> **What you need to do**
A word-for-word copy of the data is what's wanted, with no pictures.

> **Data extract**

= = = =

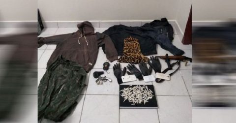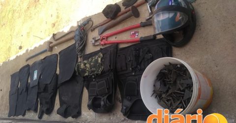 Durante a ocorrência foram encontrados um carro com placa fria, grampos, coletes balísticos, armas de fogo e ferramentas utilizadas em explosões a bancos.
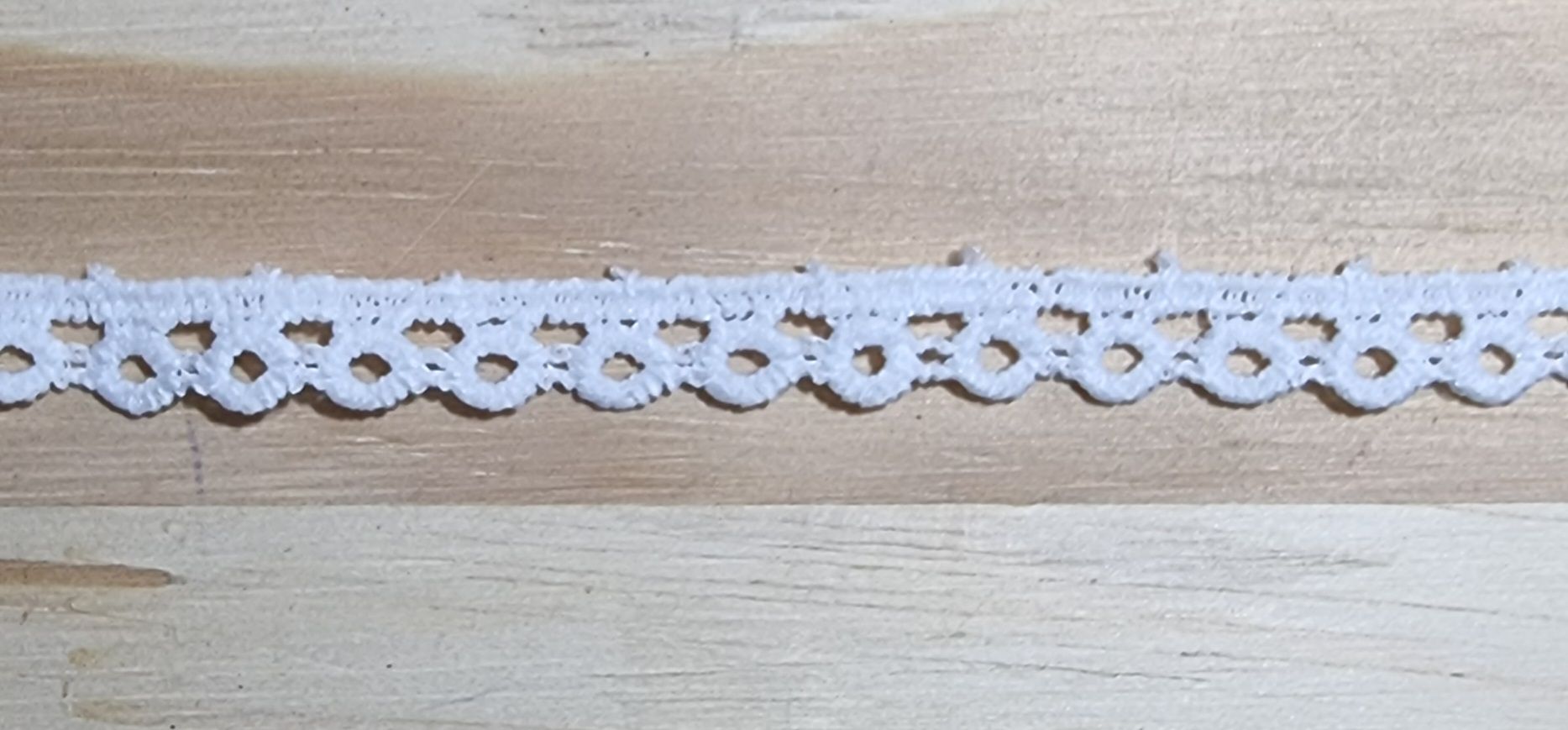 Renda branca mista (poliéster/algodão) Tamanho: 1 cm O valor é referente à 1 unidade = 1metro Para comprar maior metragem: Exemplo 2 unidades = 2 metros 3 unidades = 3 metros 4 unidades = 4 metros 5 unidades = 5 metros
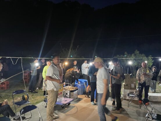 お祭りが無事終わった夜。波止場では慰労会が開催された。公民館で島の人たちが用意してくれた料理や、周囲の島から取り寄せてくれたオードブル(六島には居酒屋やお店がない)が電球の灯りで照らし出される。
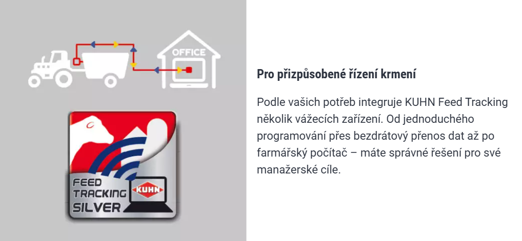 Exkluzivní systém KUHN automaticky přizpůsobuje rychlost klesání frézovací hlavy podle hustoty krmiva. Tento systém:

= = = =

> **Exercise result**
 Durante a ocorrência foram encontrados um carro com placa fria, grampos, coletes balísticos, armas de fogo e ferramentas utilizadas em explosões a bancos.
 Renda branca mista (poliéster/algodão) Tamanho: 1 cm O valor é referente à 1 unidade = 1metro Para comprar maior metragem: Exemplo 2 unidades = 2 metros 3 unidades = 3 metros 4 unidades = 4 metros 5 unidades = 5 metros
 お祭りが無事終わった夜。波止場では慰労会が開催された。公民館で島の人たちが用意してくれた料理や、周囲の島から取り寄せてくれたオードブル(六島には居酒屋やお店がない)が電球の灯りで照らし出される。
 Exkluzivní systém KUHN automaticky přizpůsobuje rychlost klesání frézovací hlavy podle hustoty krmiva. Tento systém:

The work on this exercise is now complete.